→ INSTRUCTIONS FOR THE TASK: Return all of the data that follows precisely, leaving every image out.

→ COLLECTED MATERIAL:

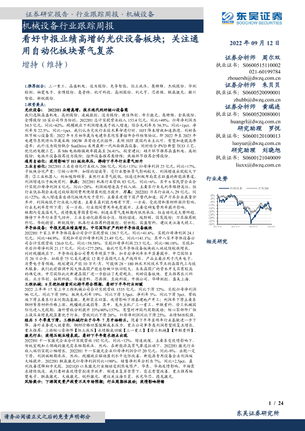 【东吴证券】【20220912】20220912-东吴证券-机械设备行业跟踪周报:看好中报业绩高增的光伏设备板块;关注通用自动化板块景气复苏-24页
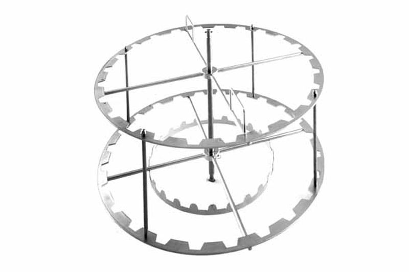 - El tambor radial puede transformarse fácilmente en tambor tangencial añadiendo cuatro rejillas de colgado para funcionamiento tangencial (Art. Nº 7761). Así se pueden centrifugar cuatro cuadros grandes de hasta 30 cm de altura. En ese caso puede utilizarse una bolsa colectora para la cera de descapsulado (Art. Nº 7758) para que la miel fluya fácilmente desde los opérculos.
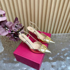 VT Slingback 8cm Gold Snake-grain Leather

→ RESPONSE:
 【东吴证券】【20220912】20220912-东吴证券-机械设备行业跟踪周报:看好中报业绩高增的光伏设备板块;关注通用自动化板块景气复苏-24页
 - El tambor radial puede transformarse fácilmente en tambor tangencial añadiendo cuatro rejillas de colgado para funcionamiento tangencial (Art. Nº 7761). Así se pueden centrifugar cuatro cuadros grandes de hasta 30 cm de altura. En ese caso puede utilizarse una bolsa colectora para la cera de descapsulado (Art. Nº 7758) para que la miel fluya fácilmente desde los opérculos.
 VT Slingback 8cm Gold Snake-grain Leather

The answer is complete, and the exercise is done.